## Action item
In this exercise, return only the lines that run from the line with "実際には、司会者の前には、Z" to the end of the entries below, both included. Pictures are not copied.

****************

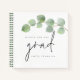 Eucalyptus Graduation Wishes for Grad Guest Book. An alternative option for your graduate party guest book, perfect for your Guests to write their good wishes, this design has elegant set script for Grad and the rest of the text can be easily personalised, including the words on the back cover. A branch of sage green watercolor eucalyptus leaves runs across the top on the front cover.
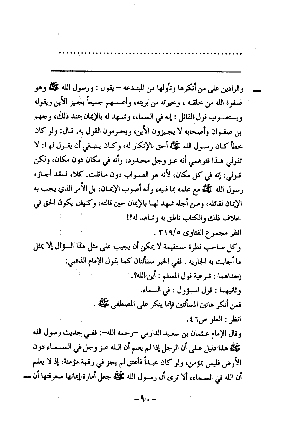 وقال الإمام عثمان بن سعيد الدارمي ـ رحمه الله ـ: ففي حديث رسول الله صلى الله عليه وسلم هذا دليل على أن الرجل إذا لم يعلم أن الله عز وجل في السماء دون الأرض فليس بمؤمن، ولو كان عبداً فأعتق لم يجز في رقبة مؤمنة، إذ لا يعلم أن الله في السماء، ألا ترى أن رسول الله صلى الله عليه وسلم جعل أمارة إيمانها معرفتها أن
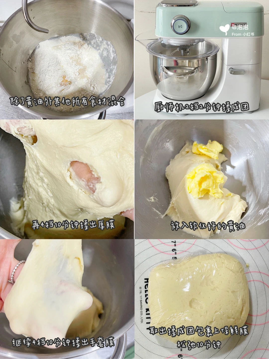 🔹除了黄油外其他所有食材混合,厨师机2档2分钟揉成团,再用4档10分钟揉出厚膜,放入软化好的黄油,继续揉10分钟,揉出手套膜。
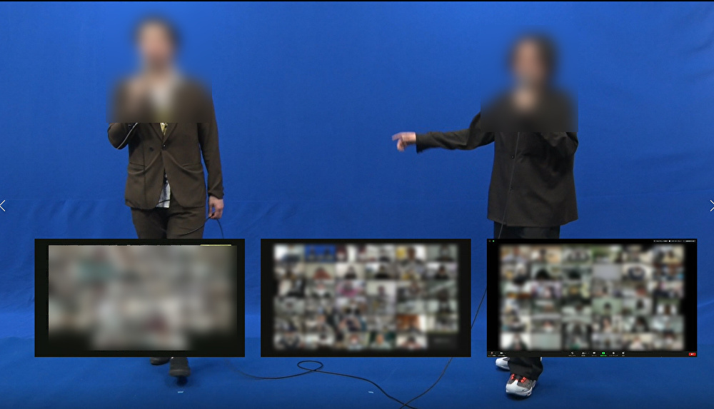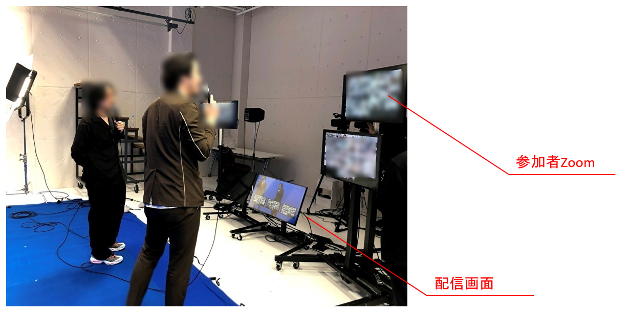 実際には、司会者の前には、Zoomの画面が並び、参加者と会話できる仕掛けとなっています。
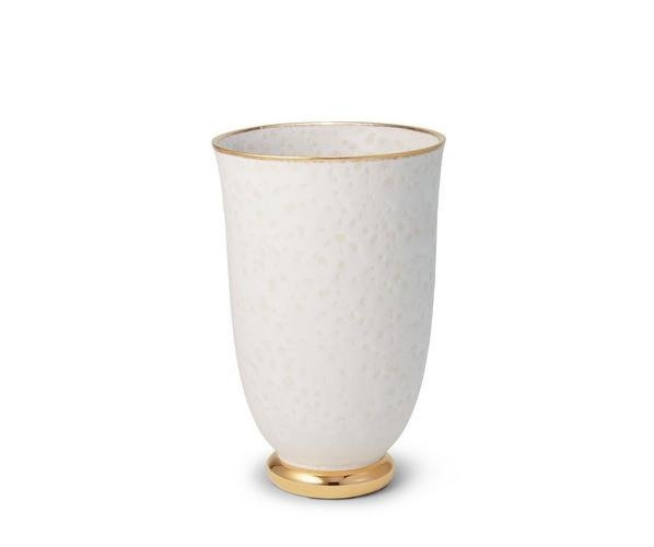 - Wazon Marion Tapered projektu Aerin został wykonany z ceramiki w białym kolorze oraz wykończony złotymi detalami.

****************

## Task solution
 実際には、司会者の前には、Zoomの画面が並び、参加者と会話できる仕掛けとなっています。
 - Wazon Marion Tapered projektu Aerin został wykonany z ceramiki w białym kolorze oraz wykończony złotymi detalami.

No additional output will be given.